‘The roll-call of sports cars that emphasise pure driving pleasure over speed is short’

Updated: 15 March 2020

► An ode to simple driving pleasures
► Gavin wants a return to simpler ways 
► More does not normally = better 

The old decade was almost over when I finally got to appreciate one of the supreme cars of the 2010s. At last, I did a long drive in an Alpine A110. Yes, I know it’s been on sale for almost two years and I know it’s been fêted by many. But apart from a short drive soon after launch, this wonderful French car had eluded me. 

When Renault design director Laurens van den Acker showed me an early model I loved the look – so old-school Alpine, yet also so very modern. Note the ’60s touches: those faired headlamps and spotlights, the bonnet spine, the finely sculpted body sides and that low tail. The 1961 original, incidentally, was designed by Michelotti, also responsible for the BMW 2002 and the Triumph Herald; it weighed just 700kg. 

I loved the concept, small, light and so driver focused. And I loved that a big multinational car company had the balls and sheer unbridled car enthusiasm to produce such a vehicle. A bespoke aluminium structure (bonded and riveted) mid-engine sports car which, apart from some switchgear and a perfectly worthy turbo 1.8 engine, had nothing mechanically in common with Clios, Capturs and Kadjars. Bravo, Renault!

More than any over-hyped hypercar, souped-up supercar or big-capacity GT, the A110 prioritises pure driving pleasure. It puts feel before figures, driving pleasure before power. It subscribes magnificently to the Colin Chapman adage that it’s better to subtract weight than add power: after all, lighter weight makes you faster everywhere. Top speed? Max power? Lap time round the ’Ring? Ils ne sont pas importants. Increasingly, with high-performance cars, these labels are the supreme measures of value. We’re in an arms race that dooms high-performance sports cars to motoring irrelevance. Most are too big and too powerful to be usable. They are marketed to sate drivers’ egos more than to satisfy driving enjoyment. 

Lotus Elise

I’m far from alone in lamenting this. McLaren boss Mike Flewitt recently told me he’d love to sell a smaller and lighter sportster. But big headline numbers sell. Mike, I should add, is a fan of old Lotuses and owns three Elans as well as a ’61 Elite. These are surely the supreme examples of sports cars that put driving enjoyment first. 

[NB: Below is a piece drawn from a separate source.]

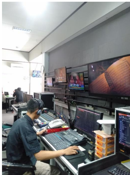
Gambar 9. Ruang belakang layar di MTA TV
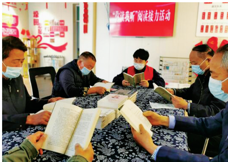
本报讯(通讯员 吴萍)日前,垛田街道开展的垛上读书会阅读推广活动中,垛上“读书人”带着阅读出发,感受一

The Alpine is their spiritual heir. It is light, at 1100kg. That’s 300kg less than the 718 Cayman, its nearest rival. Lean and low-riding, it doesn’t need the stiff springs and wide tyres that jar ride quality and camouflage steering feel. Just as important, it feels light, as it dances daintily on its tyres, caressing the road surface, so sensitive, so agile, so connected. The feedback is delicious. It is more involving than the Cayman S, Porsche’s best driver’s car. (It’s also quicker to 60 despite having 100bhp less – but let’s not talk figures…) Suspension is by double wishbones, the optimal configuration, for the best camber control and tyre contact during cornering.  

It is also small and feels it. It’s fun to drive at legal not licence-losing speeds. The A110 is designed for British B-roads, winding French D-roads and mountain passes: a small car designed for small roads. It is the most European of all modern sports cars, without the slightest nod to California or China, Russia or the Middle East. Its only export markets are Europhile countries such as Japan and Australia. Such laser-like European focus is the key to its appeal. Globalisation is partly why Europe’s sports cars are getting fat: they are designed as much for the wide boulevards of the New World as the Alpine passes of the Old, for luxury as much as litheness. 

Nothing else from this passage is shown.